Dollarama has a massive presence in Canada and operates 1,431 stores. This gives it a significant competitive edge over its peers as well as scale. Additionally, consumers prefer value in inflationary environments, where Dollarama offers an unmatched proposition.
Its healthy long-term financial growth indicates resilience in almost all economic cycles. So its safe-haven appeal will likely continue to drive the stock higher, even if the economy gets uglier from here.
Canada’s Largest P&C Insurer Intact Financial (TSX:IFC) is another stock that has held up against the recent market correction. This year, he has gained 5% and is 8% off his records. In comparison, the TSX Compound Index fell 15% from its all-time highs.
Intact has a 21% market share in P&C insurance in Canada. Its scale gives it a natural competitive advantage over its peers. In addition, it has experienced above-average financial growth over the past few years thanks to its strong expertise in underwriting and claims settlement.
IFC shares also pay stable dividends which currently yield 2.3%. Although not among the juiciest returns, Intact has increased shareholder payouts since 2005, indicating earnings stability.
Stocks like Intact may not offer strong growth opportunities, but they do provide stability during tough times.
Canadian public services
Investors perceive Canadian public services (TSX: CU) as boring due to its slow nature. However, CU stock has outperformed in the recent market turmoil. So far, CU stocks have gained 5%, while TSX stocks as a whole have lost 11% in 2022.

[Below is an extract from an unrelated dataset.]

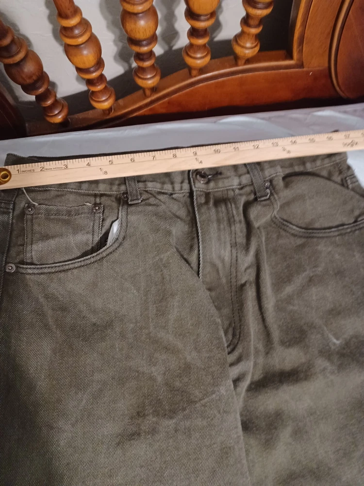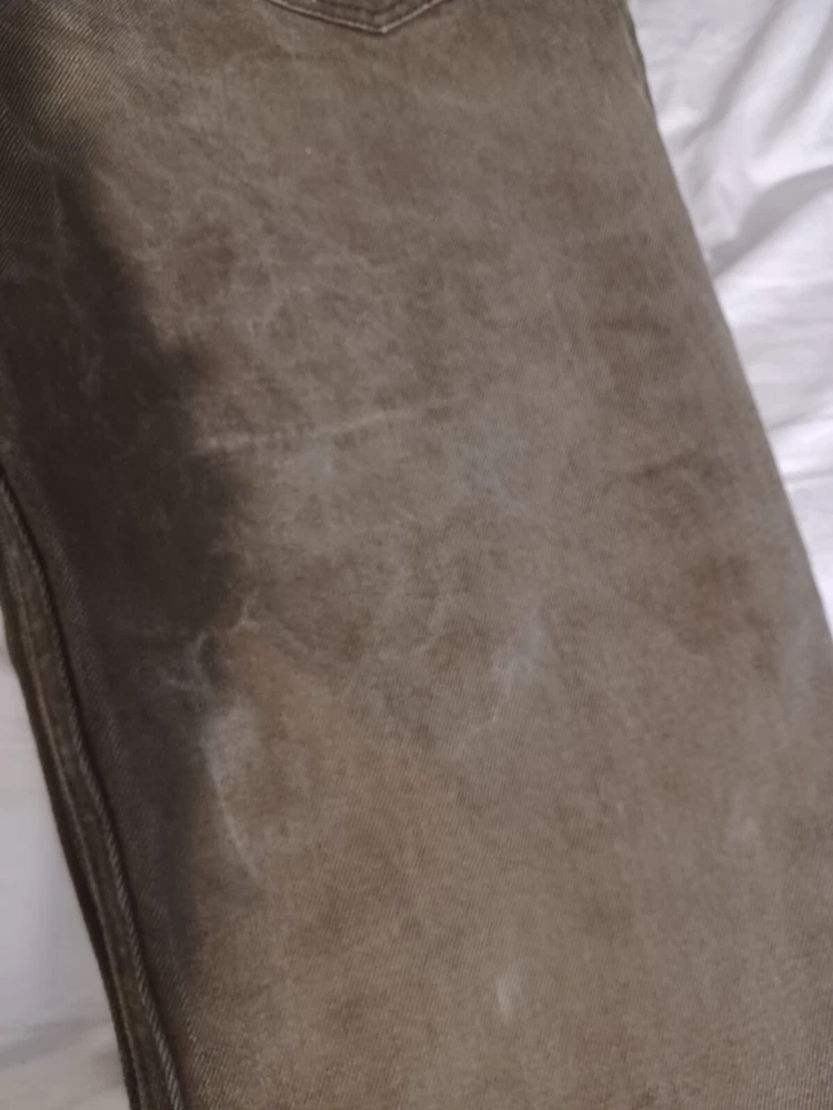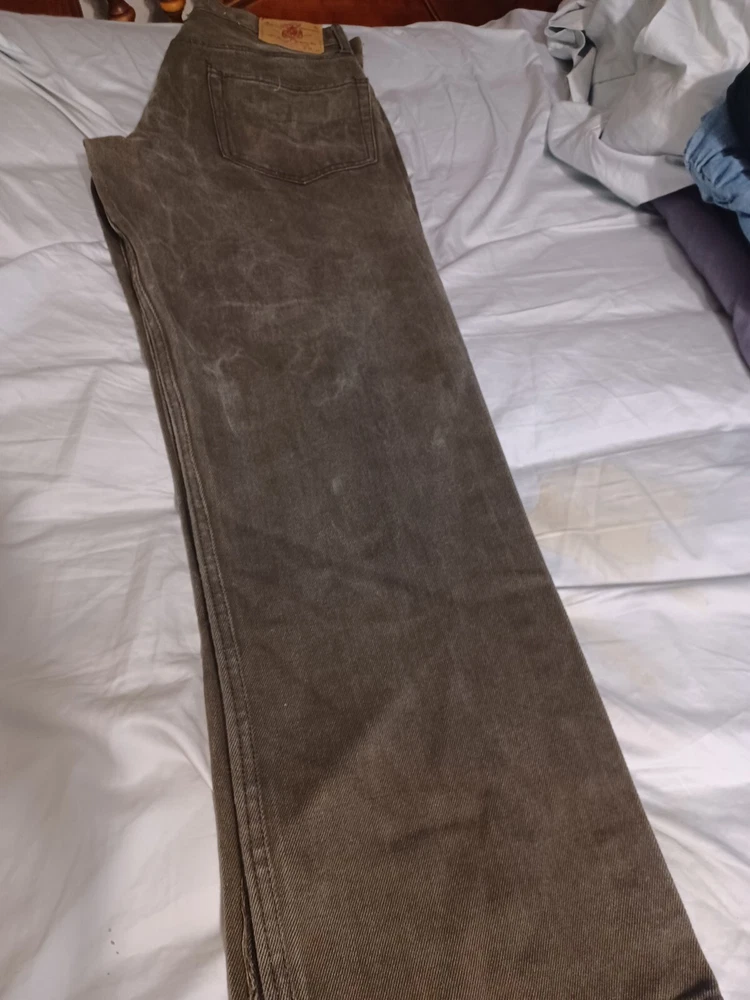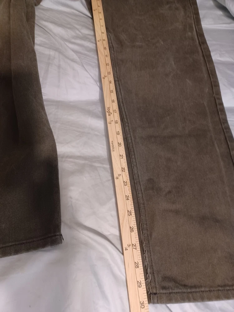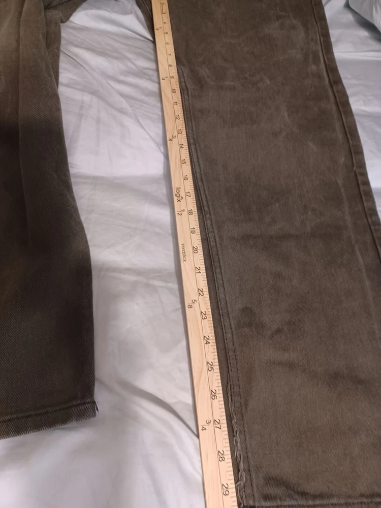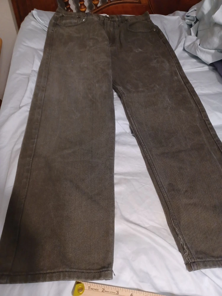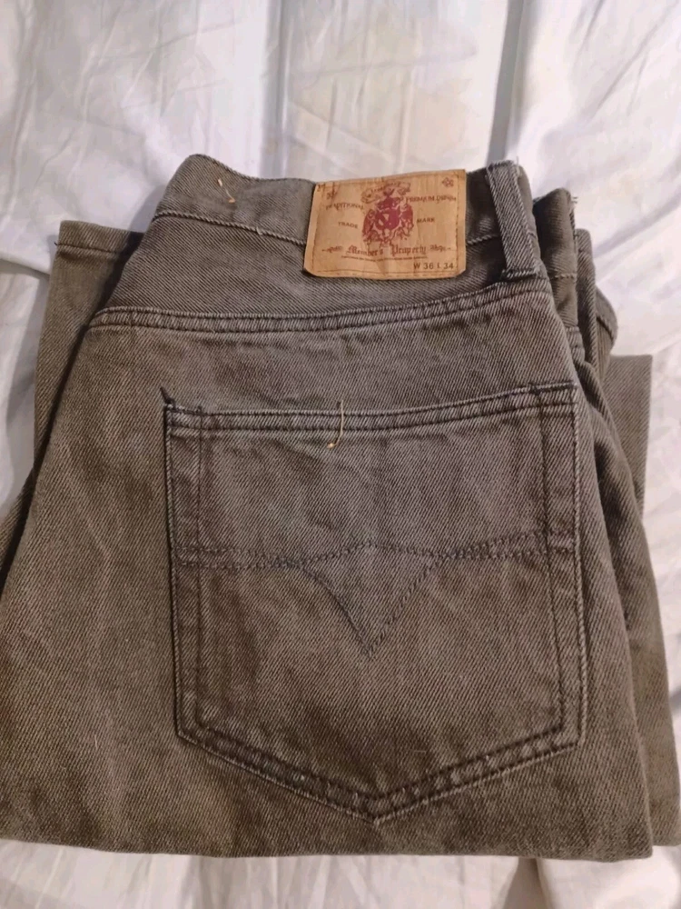 Men's brown denim jeans in size 36x34 from Members Property. These vintage Y2K jeans feature a dark wash, a straight fit, and a mid-rise. The jeans have a solid pattern with button and zipper closures, and are made of cotton with a grunge and skate style. They have accents of buttons and pockets, and are machine washable for easy care. See Photos for actual measure

Canadian utilities have good revenue visibility due to the regulated nature of their operations. As a result, it has grown steadily even during recessions and economic booms. That’s why it has consistently increased shareholder dividends every year for the past five decades.
It yields almost 5%, higher than its peers. These juicy dividends will be more valuable in a declining market environment.
CU is not the kind of action that will make you rich overnight. However, for those looking for stable returns with relatively low risk, CU is a suitable bet.